How cats avoid predators

The adaptations and behaviors of cats help them to avoid predators.

  • It is difficult for predators ambush them because of their excellent hearing, vision, smell and night vision.
  • Sharp claws enable cats to quickly climb trees and scramble to the top of slopes in order to escape danger.
  • Speed and agility help cats outrun and dodge many predators in short distances.
  • Cats can avoid predator detection with a solitary, silent movement.
  • The camouflaged fur of cats blends in with vegetation, dirt and shadows. This conceals them from dangers unless they are close.
  • Cats with a suspicious nature are quick to flee and startle at potential dangers instead of waiting for confirmation that the threat is real.

The conclusion of the article is:

Even though cats are stealthy, agile predators, they can fall prey to larger carnivores and birds. They will also prowl in areas where cats live.

The most vulnerable cats to become prey are the smaller and younger ones. While domestic indoor cats are protected by predators to a large extent, feral and stray cats face constant threats.

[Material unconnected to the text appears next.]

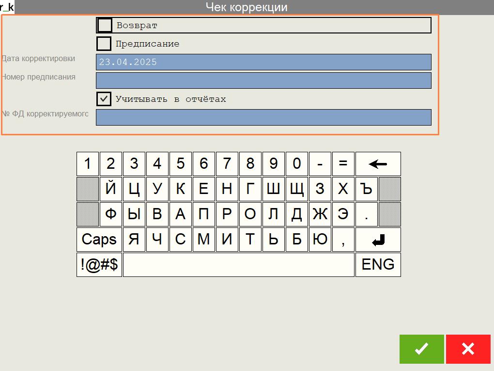 В открывшейся форме чека коррекции заполните необходимые поля:
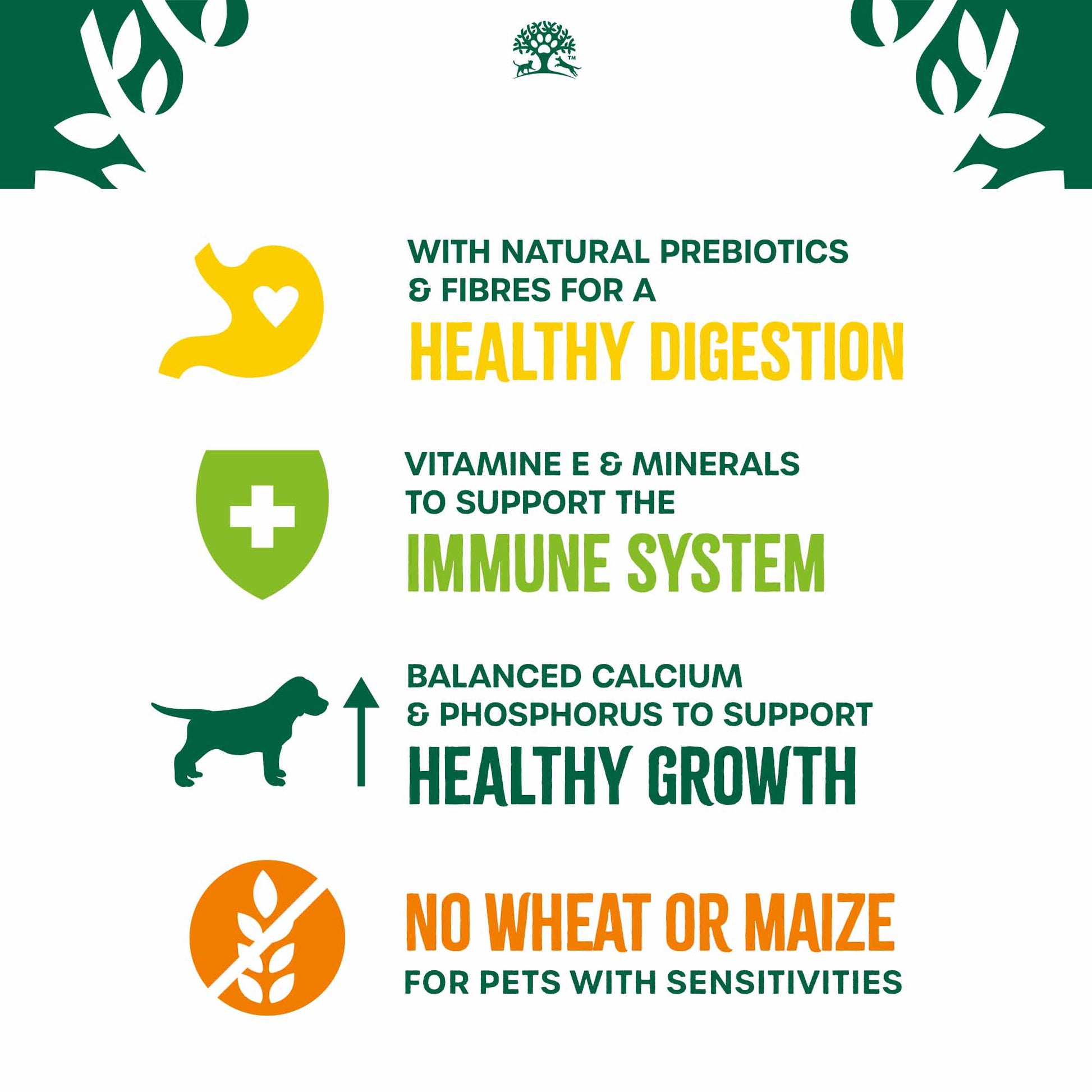 - With natural prebiotics & fibres for a growing dog's healthy digestion

It is important to know the local predator population and take preventive measures in order to keep free-roaming cat out of food chains. Cats can avoid becoming a meal for predators that lurk in their vicinity by taking care.

Gordon Ramel

Gordon is an ecologist with two degrees from Exeter University. He's also a teacher, a poet and the owner of 1,152 books. Oh - and he wrote this website.